RECORDED INFORMATION
*** Begin section ***

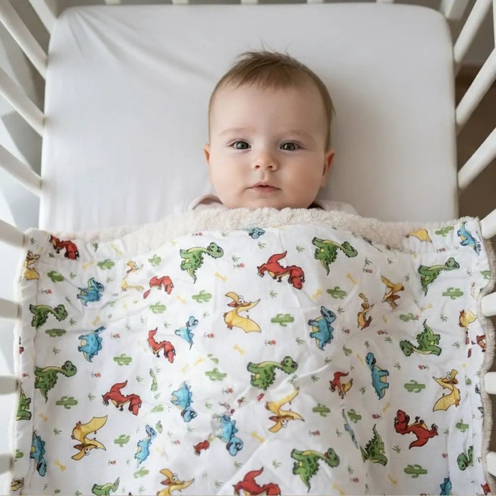 BébéYo Couverture Double Face Blanc Cassé - Dinosaures
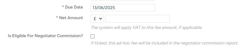 Commission will just be applied to the letting fee by default, but it can also be applied to any ad-hoc fee too, by ticking the "Is Eligible for negotiator commission" tickbox on the fee:
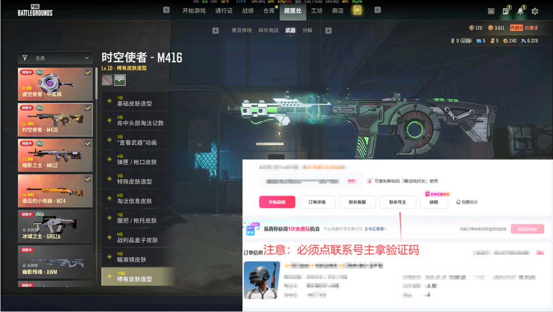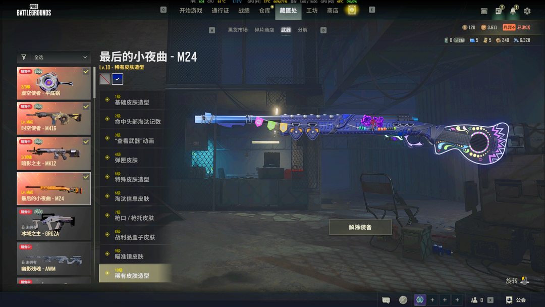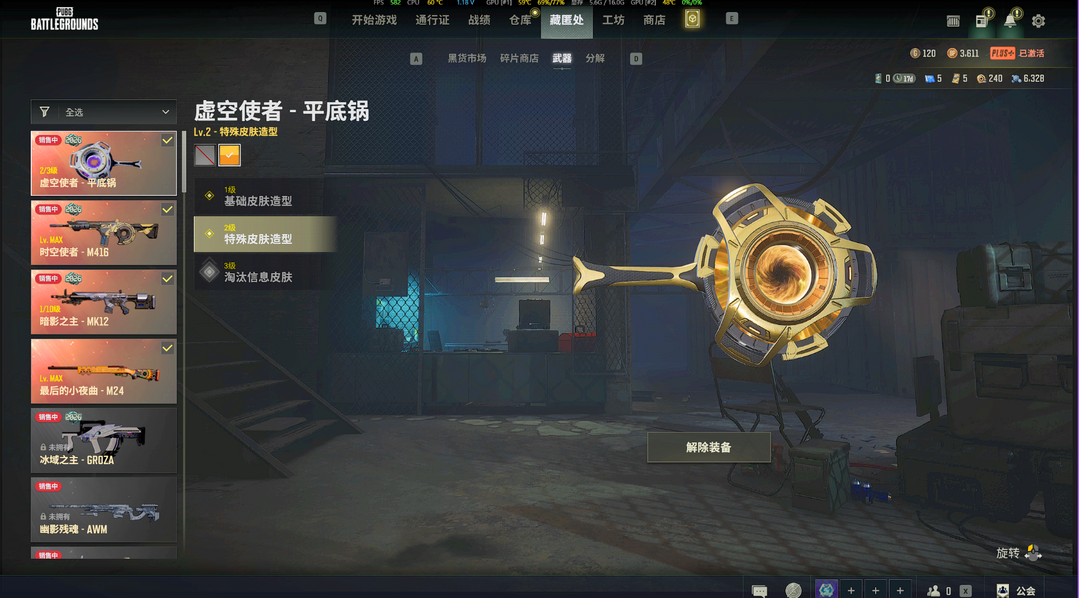 ⭐布加迪⑩异色时空使者-M416⑩异色最后的小夜曲-M24①暗影之主-MK12②异色虚空使者-平底锅

*** End section ***

TASK
The answer must be the data above, repeated exactly, with no pictures.

RESULT OF THE EXERCISE
 BébéYo Couverture Double Face Blanc Cassé - Dinosaures
 Commission will just be applied to the letting fee by default, but it can also be applied to any ad-hoc fee too, by ticking the "Is Eligible for negotiator commission" tickbox on the fee:
 ⭐布加迪⑩异色时空使者-M416⑩异色最后的小夜曲-M24①暗影之主-MK12②异色虚空使者-平底锅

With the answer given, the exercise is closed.